I'm dreaming of a (hosted) RStudio CI/CD


thanks for taking the time to circle back to this @cole and apologies if my comments are a little all over the map.
Also, disclaimer: I gave up on packrat 18 months ago or so, so I am not up to speed with what the package can do.

The deployment process via rsconnect::deploy... works fine, no qualms here (though I would like to have every git commit automatically deployed).
My qualms are indeed with the fact via the dark magic that is packrat, rsconnect::deploy... adds another orthogonal layer of specifying dependencies (on top of DESCRIPTION).

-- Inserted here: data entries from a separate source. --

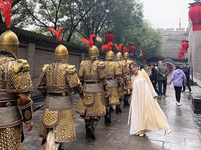 偶遇路过的穿着黄金战甲的“巡防士兵”,偷拍一个,他们都好高大,显得我好小只。
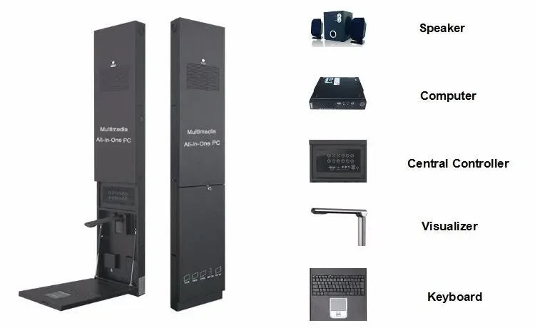 Document cameras, also known as visual presenters, visualisers, digital overheads, or docucams, are real-time image capture devices for displaying an object to a large audience. Like an opaque projector, a document camera is able to magnify and project the images of actual, three-dimensional objects, as well as transparencies.
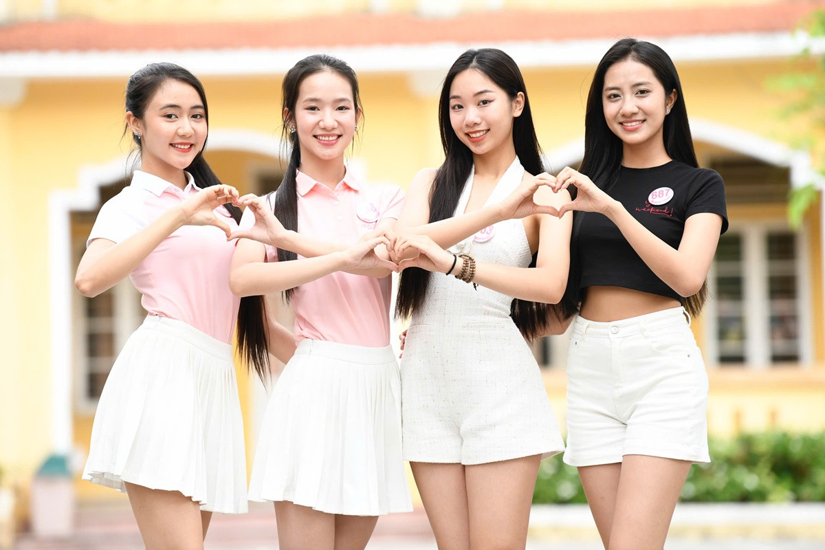 Thí sinh Hà Trúc Linh (ngoài cùng bên phải) chia sẻ: "Tôi không muốn đếm ngược tới đêm chung kết vì vẫn còn nhớ khoảnh khắc gắn bó với các bạn. Tuy nhiên, tôi phấn khích vì sắp được mang đến cho khán giả những màn trình diễn ấn tượng trong đêm chung kết."

Another recent example to illustrate (hope I got this right): I had a commit which had some package_foo::bar() call, but had never Importsed it in DESCRIPTION.
Building on Travis worked, because said code was never called in my build script.
But them, oddly, rsconnect::deploy() (from Travis to shinyapps.io) failed, because it couldn't find package_foo to add to the manifest.
At first I was confused, then I realised that this was b/c under the hood, packrat was apparently parsing the entire source for dependencies, and then got mad, because it couldn't find the package in the Travis session.

This is not a bug and I was able to fix this quickly, but these things add up, and sometimes I take a long time to figure them out. Seems to me like DESCRIPTION + packrat + x is too much.

I'd really love to standardise on one way to express dependencies, even if that's at a cost.

To me, DESCRIPTION is the most attractive way, because it's already used in two prominent use cases (pkg dev and travis CI/CD), and it covers a decent amount of edge cases (via github remote).

So, my (probably ill-informed?) wish list right now would be:

  1. let me disable packrat in rsconnect::deploy(), and just let me bring my own DESCRIPTION for shiny apps, even if it's not a package (just as on travis ci/cd).
  2. merge/standardize the Travis CI/CD docker image with the docker images behind shinyapps.io, and let me use those everywhere and easily (locally within RStudio, on Travis CI/CD, on shinyapps.io).
  3. standardize on https://github.com/rstudio/shinyapps-package-dependencies as a way to specify system dependencies.

Finally, I'd love to pay for services around this. RStudio Connect meets Travis CI meets Heroku kind of thing.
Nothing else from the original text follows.